• _Problem to work on_: Leave the pictures out, and transcribe the material below exactly from the line with "1、集成显卡弱一点,其他都还" to the line with "Say Howdy to", both lines included.

• _Data section_:
== Segment start ==

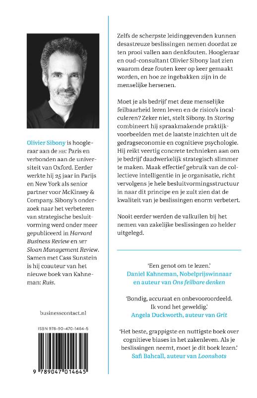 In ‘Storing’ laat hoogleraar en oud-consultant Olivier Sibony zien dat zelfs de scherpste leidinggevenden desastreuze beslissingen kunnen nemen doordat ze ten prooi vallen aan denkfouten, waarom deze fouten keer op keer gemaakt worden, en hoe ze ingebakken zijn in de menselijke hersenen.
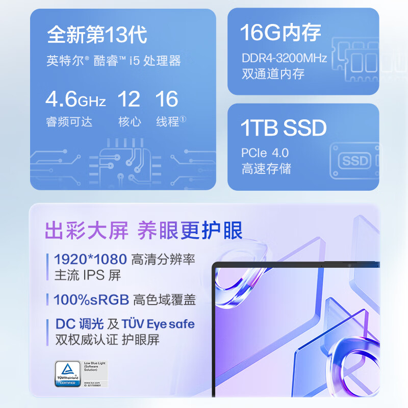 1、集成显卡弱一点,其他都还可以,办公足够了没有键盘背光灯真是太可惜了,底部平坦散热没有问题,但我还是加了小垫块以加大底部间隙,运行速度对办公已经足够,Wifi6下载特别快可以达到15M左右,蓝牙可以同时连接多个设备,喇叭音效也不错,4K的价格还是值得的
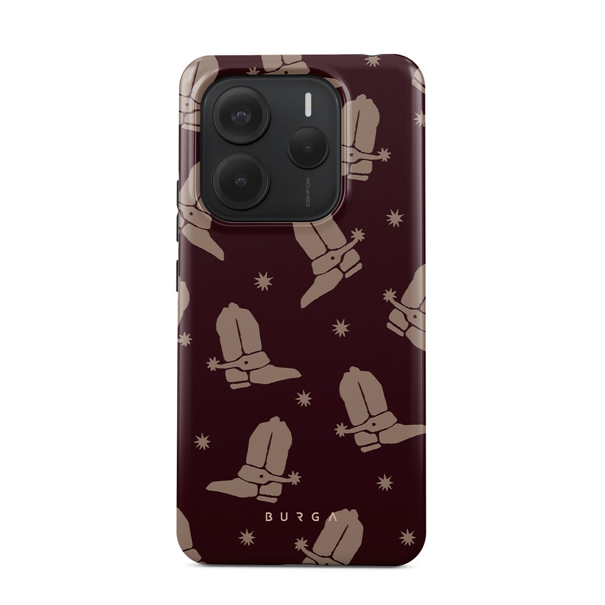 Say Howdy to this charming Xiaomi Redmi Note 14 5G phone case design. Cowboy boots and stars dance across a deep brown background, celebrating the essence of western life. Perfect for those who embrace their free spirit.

== Segment end ==
== Segment start ==

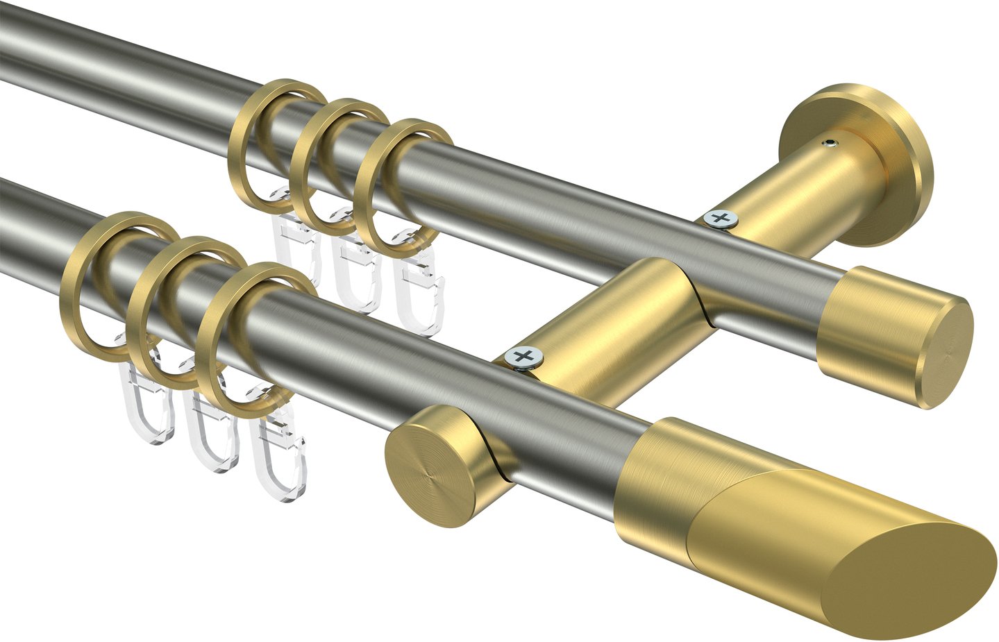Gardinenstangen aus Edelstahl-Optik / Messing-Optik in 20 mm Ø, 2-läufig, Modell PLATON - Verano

== Segment end ==

• _Written response_:
 1、集成显卡弱一点,其他都还可以,办公足够了没有键盘背光灯真是太可惜了,底部平坦散热没有问题,但我还是加了小垫块以加大底部间隙,运行速度对办公已经足够,Wifi6下载特别快可以达到15M左右,蓝牙可以同时连接多个设备,喇叭音效也不错,4K的价格还是值得的
 Say Howdy to this charming Xiaomi Redmi Note 14 5G phone case design. Cowboy boots and stars dance across a deep brown background, celebrating the essence of western life. Perfect for those who embrace their free spirit.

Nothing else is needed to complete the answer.